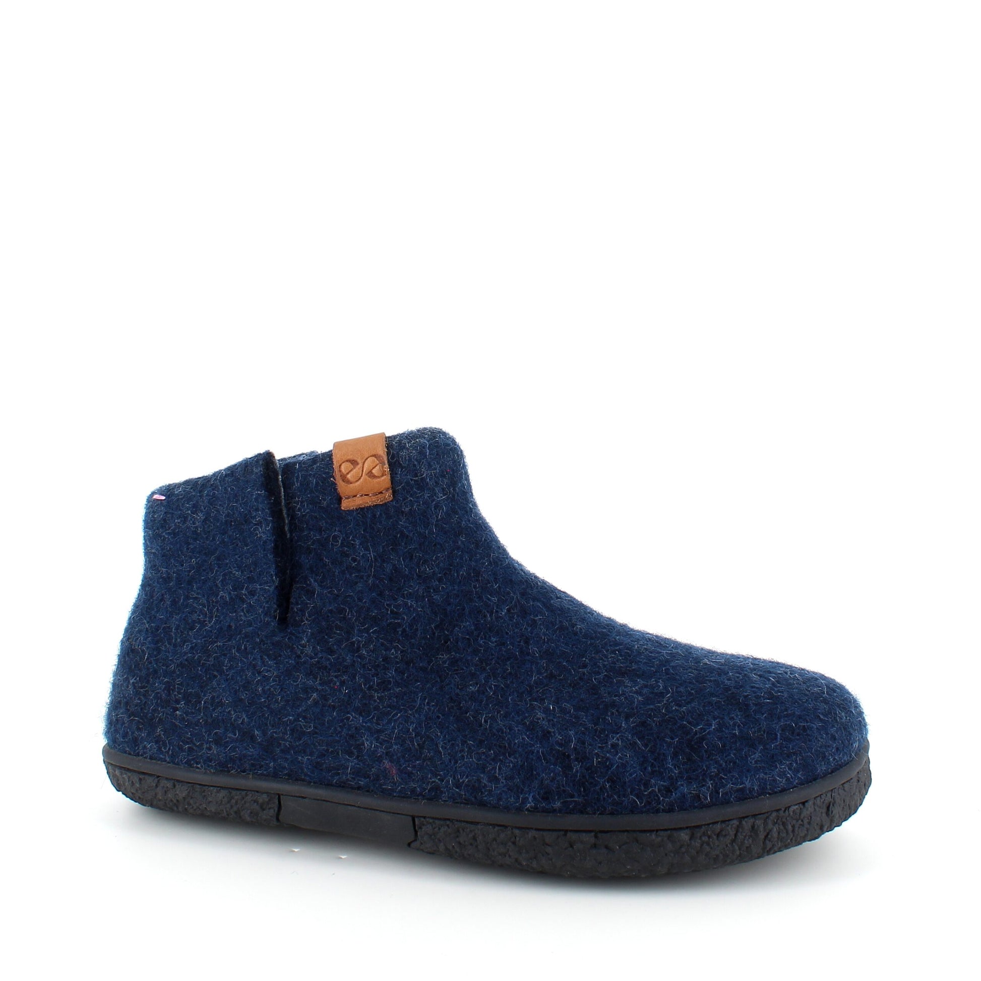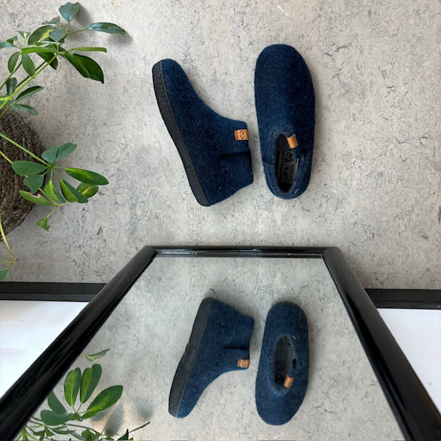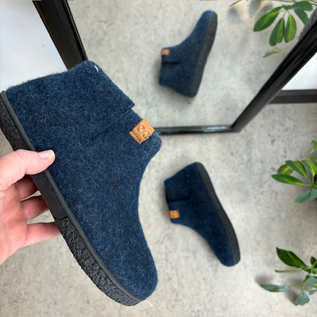 Høj marineblå hjemmesko i uld med skridhæmmende såler fra Green Comfort
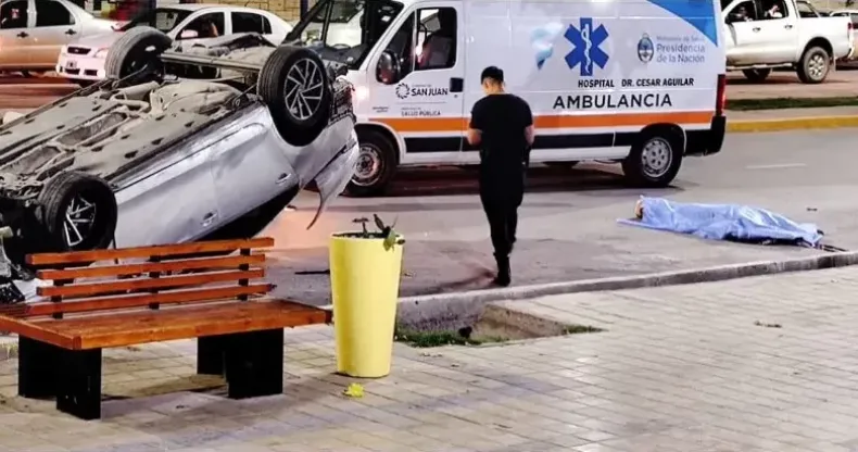 La tragedia azotó este domingo las calles del departamento Caucete. Tres automóviles estuvieron implicados en un accidente que terminó con el vuelco de uno de los coches y con un joven fallecido en el acto.
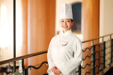 ホテルパティシエとしてラウンジのケーキの仕込みや仕上げ、フルーツカット、ブッフェレストランのデザートづくり、ウェディング、そして先輩とともに商品開発に携わらせていただくなど、幅広く業務を担当しています。V.I.P.ゲスト用のスペシャルケーキを飾るマジパン細工をつくらせていただいたことも、貴重な経験になりました。東京製菓学校在学中に洋菓子に関する豊富な知識と技術を身につけたことで、就職後の現場でもすぐに対応することができたと実感しています。
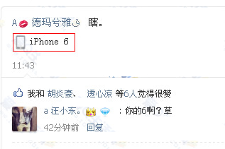 看效果图,发表的说说,来源iPhone6,直接闪瞎!
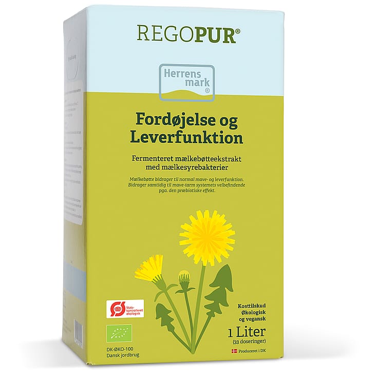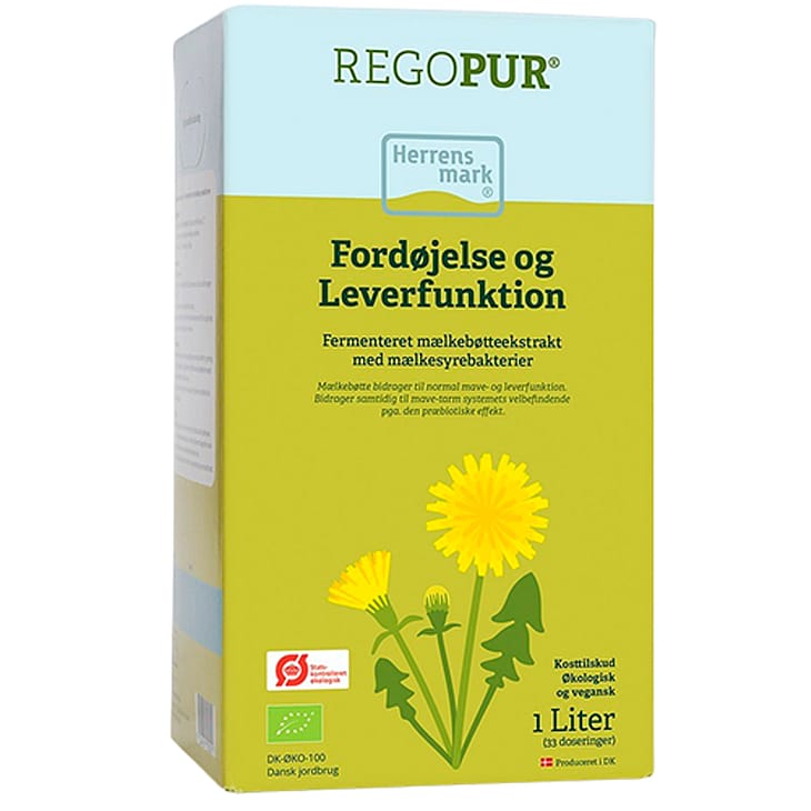 Det fermenterede mælkebøtteekstrakt fra Herrens Mark, REGOPUR er et ikke-pasteuriseret kosttilskud, lavet på pressesaft fra mælkebøtten.
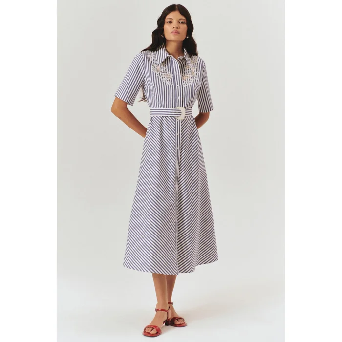 Product: Embroidered Detailed Belted Striped A-line Shirt Dress

Exercise ->
Pictures stay out; retype only the lines from the line containing "Det fermenterede mælkebøtteekstrakt" through the end of the listing, inclusive, exactly as they appear.

Completed task ->
 Det fermenterede mælkebøtteekstrakt fra Herrens Mark, REGOPUR er et ikke-pasteuriseret kosttilskud, lavet på pressesaft fra mælkebøtten.
 Product: Embroidered Detailed Belted Striped A-line Shirt Dress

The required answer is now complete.